=== Available data ===

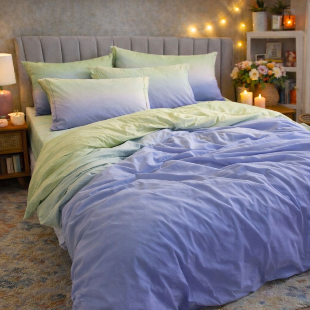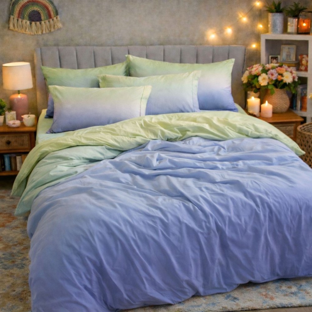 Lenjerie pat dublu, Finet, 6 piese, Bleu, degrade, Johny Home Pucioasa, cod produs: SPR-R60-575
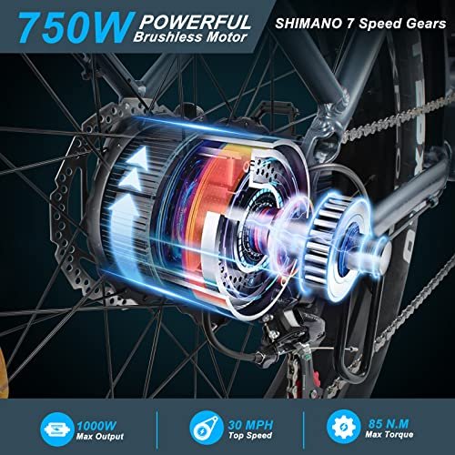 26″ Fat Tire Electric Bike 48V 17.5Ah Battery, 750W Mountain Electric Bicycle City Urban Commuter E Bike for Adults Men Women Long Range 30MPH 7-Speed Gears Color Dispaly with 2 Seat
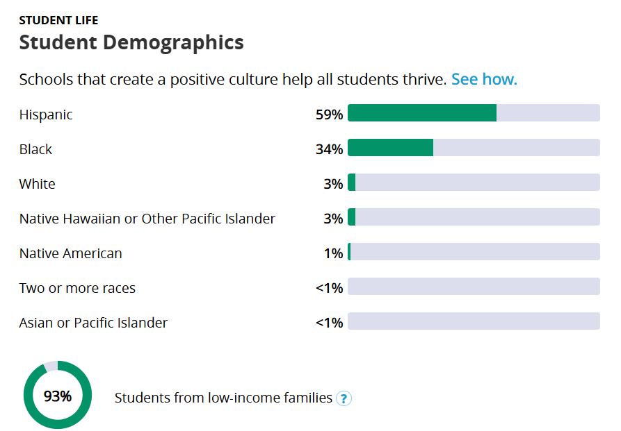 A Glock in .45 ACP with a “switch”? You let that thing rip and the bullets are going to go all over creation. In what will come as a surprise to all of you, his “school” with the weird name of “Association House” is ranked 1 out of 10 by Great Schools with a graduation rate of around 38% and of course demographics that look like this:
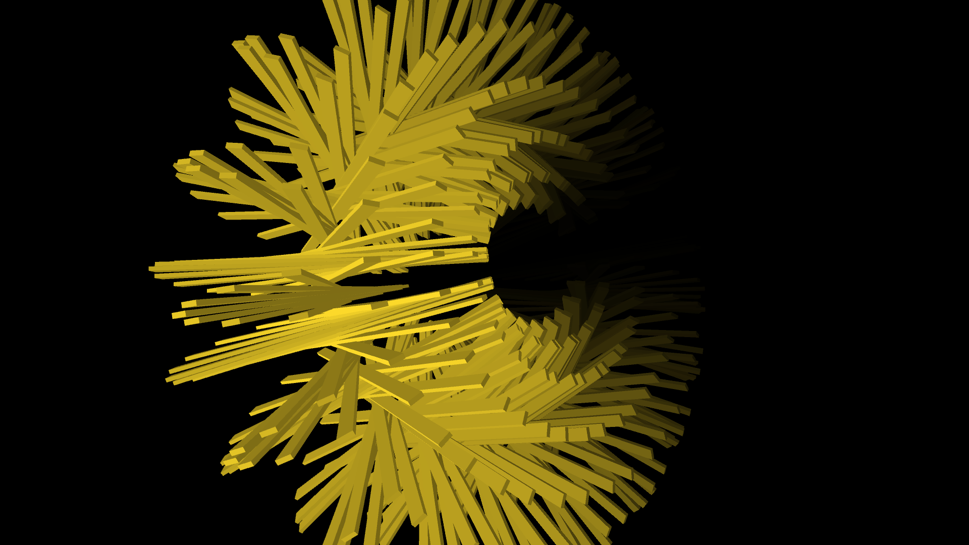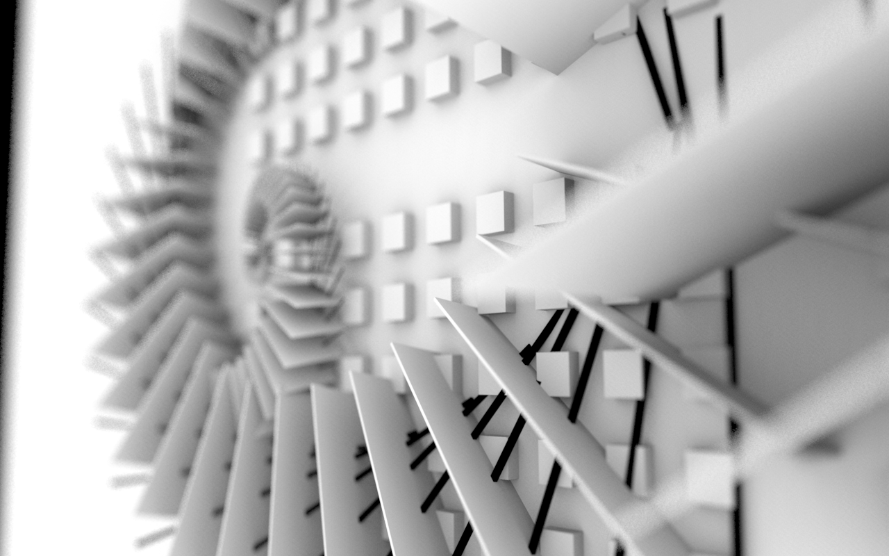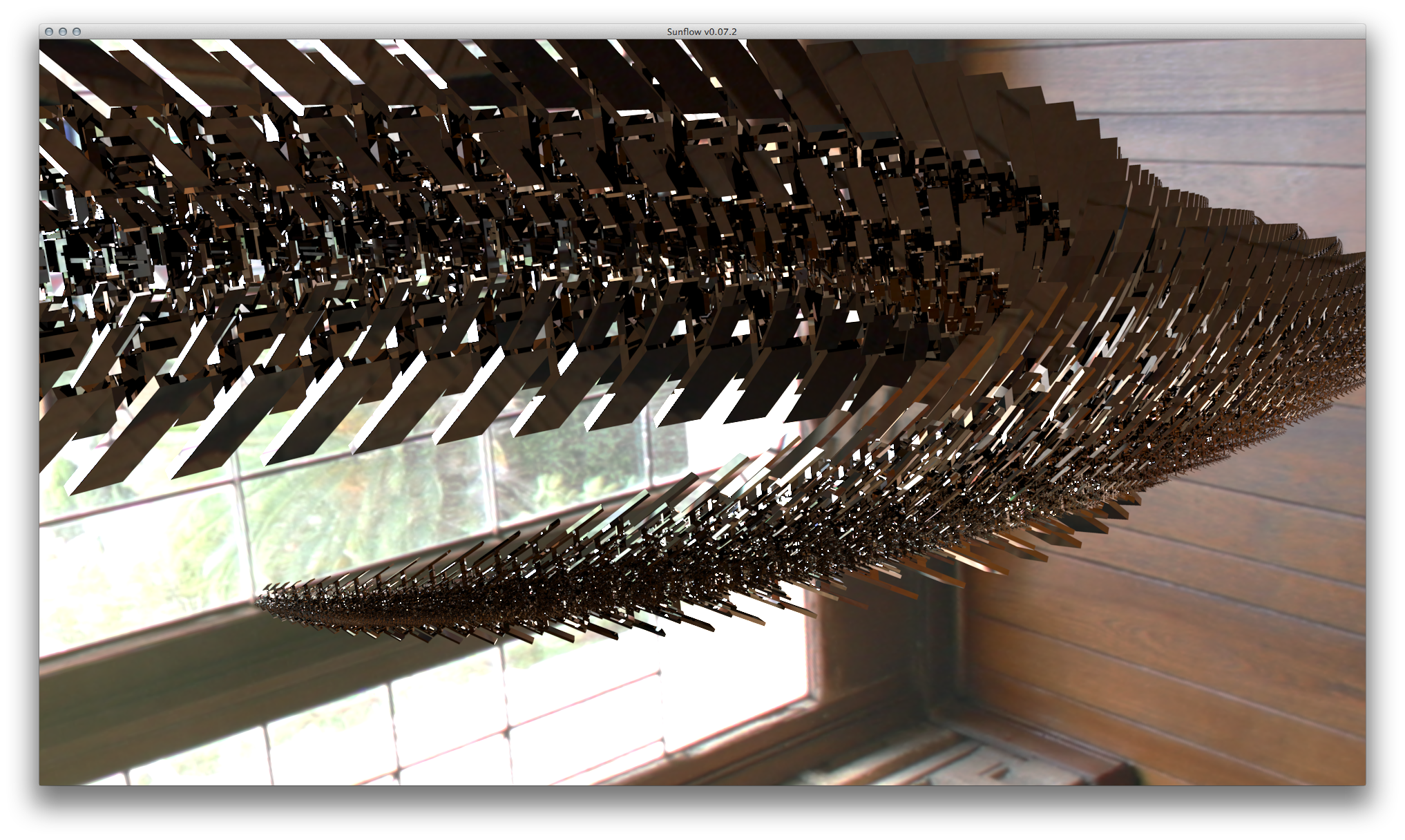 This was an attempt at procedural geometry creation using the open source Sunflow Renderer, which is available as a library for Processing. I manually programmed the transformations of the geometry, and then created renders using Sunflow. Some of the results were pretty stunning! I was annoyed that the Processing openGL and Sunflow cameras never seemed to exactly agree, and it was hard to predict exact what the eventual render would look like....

===

Drop the images and repeat the data exactly.

 Lenjerie pat dublu, Finet, 6 piese, Bleu, degrade, Johny Home Pucioasa, cod produs: SPR-R60-575
 26″ Fat Tire Electric Bike 48V 17.5Ah Battery, 750W Mountain Electric Bicycle City Urban Commuter E Bike for Adults Men Women Long Range 30MPH 7-Speed Gears Color Dispaly with 2 Seat
 A Glock in .45 ACP with a “switch”? You let that thing rip and the bullets are going to go all over creation. In what will come as a surprise to all of you, his “school” with the weird name of “Association House” is ranked 1 out of 10 by Great Schools with a graduation rate of around 38% and of course demographics that look like this:
 This was an attempt at procedural geometry creation using the open source Sunflow Renderer, which is available as a library for Processing. I manually programmed the transformations of the geometry, and then created renders using Sunflow. Some of the results were pretty stunning! I was annoyed that the Processing openGL and Sunflow cameras never seemed to exactly agree, and it was hard to predict exact what the eventual render would look like....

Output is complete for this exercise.